Tuesday, July 3, 2012

USAF sees more challenges with fuel bills

As an add-on to this previous USAF cost per flying hour post, there is this piece which gives you a good summary of the challenges the USAF has paying for fuel.

1 comment:

Anonymous said...

USAF should have executed a decisive strategic plan at least a year ago to dig it's own Strategic Petroleum Reserve (SPR) wells, perhaps 3-4 separate and dispersed wells, to fill with WTI crude. Perhaps something as much as 100 total million barrels for good measure.

That's nothing, only about $8bn-$10bn in 'hedged' physical strategic oil reserve storage.

Allocate around $1 billion for constituting the commercially available wells (perhaps split between retired wells in Louisiana and new wells ready for development in Mississippi) and the relevant facilities. Maybe another $1bn for DoD specialized infrastructure and MILCON.

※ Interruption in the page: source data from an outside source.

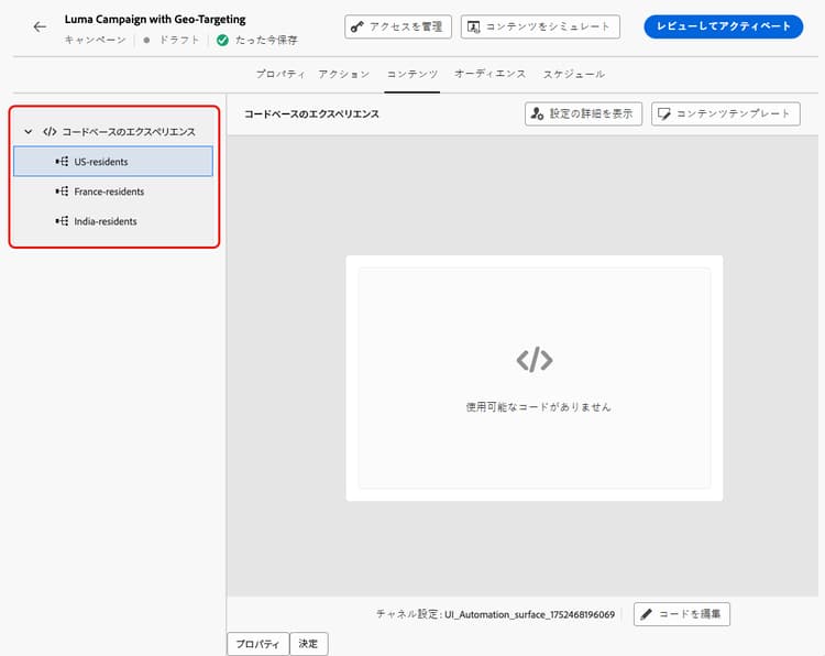 ジャーニー/キャンペーンがライブになると、米国居住者には特定のメッセージ、フランス居住者には異なるメッセージなど、各ターゲットにカスタマイズされたコンテンツが送信されます。
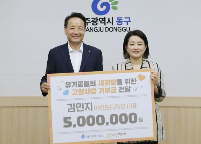 (아름다운교육신문) 광주 동구는 최근 고향사랑 기금사업 일환으로 신규 추진에 나선 유기동물 구조·보호 사업에 도움을 주고자 김민지 마인드디자인 대표가 5백만 원을 기부했다고 밝혔다.
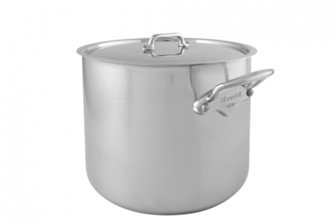M'Urban3 Stockpot, 27.1 qt. (25.7 liter), 12-1/2" dia. x 12-1/2"H, round, with lid, riveted cast stainless steel handle, non-corrosive, gas/electric/halogen/induction/oven, 3-ply contruction, stainless steel brushed finish
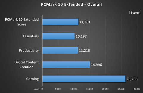 PCMark 10 Extendedスコアは11,361ポイント。ホーム用途、ビジネス用途、デジタルコンテンツ制作想定のシナリオでそれぞれ10,000ポイントオーバーのスコアを記録している。特にデジタルコンテンツ制作、そして最大スコアがゲーミングというところは本製品の特徴をよく示している。
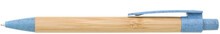 Bambusové tělo propisky s doplňky z plastu s podílem slámy. Náplň modře píšící velkoobsahová.
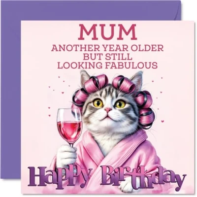 MAKE YOUR MUM SMILE WITH THIS UNIQUE BIRTHDAY CARD: This exceptional quality Mum birthday card for her shows the design 'Mum Another Year Older But Still Looking Fabulous Happy Birthday'. If you are looking for a beautiful birthday card Mum for her, then then this happy birthday Mum card is bound to make her smile. Not just a birthday card for Mum this could also be a birthday gifts for Mum, Mummy or Mother. WHAT DO YOU GET: The card is printed on one side and BLANK ON THE INSIDE to allow you to write your very own message. The unique fun design is printed on a specially sourced and environmentally responsible board. At 360 microns thick the natural white one-sided gloss board has a quality look and feel. Supplied with a coloured gummed envelope to complement the design and ready to be sealed and sent in the post. Great Mum birthday cards, Mummy birthday card. NO INK SMUDGES: There is nothing worse than writing inside a card to find that the shiny surface makes the ink smudge. This is why we use a high quality one sided coated board. The uncoated side will absorb more of the ink from your pen to make smudging a thing of the past. Mum birthday cards, Mum birthday cards from Son. SIZES: Greeting Card = 145mm x 145mm, Envelope = 155mm x 155mm, Card Thickness = 360 micron. Happy birthday Mum, Mums birthday card, Mum cards birthday, birthday card Mum, happy birthday Mum card, Mum gifts from Son. MADE AND QUALITY CHECKED IN THE UK: We print and manufacture all our products right here in the UK so you can be sure of a fast turnaround and a product that is expertly made. Using environmentally responsible premium board our card is conscious of the responsible management of the world's forests - happy birthday card Mum, Mum birthday cards.
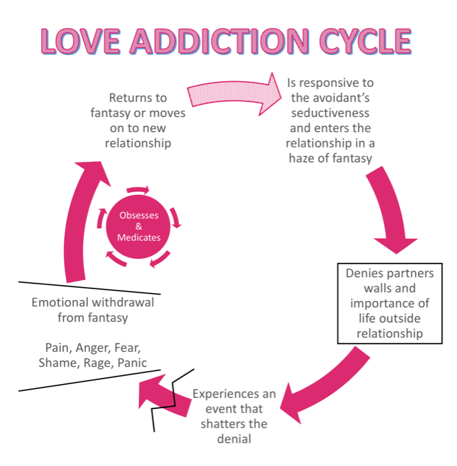 For context, love addicts who are anxious tend to be attracted to anxious avoiders and vice versa.

DoD could further go in say, 50-50 with private refiner to construct an additional refinery somewhere in the south or mid-atlantic? Maybe another $4bn in strategic investment?

USAF could/should be buying massively at times such as today at cheap $80 crude! Send to refinery for DoD JP fuels as hedge, whenever crude hits over say, $120.

Not a panacea, but arguably a worthy strategic investment. In my opinion at least.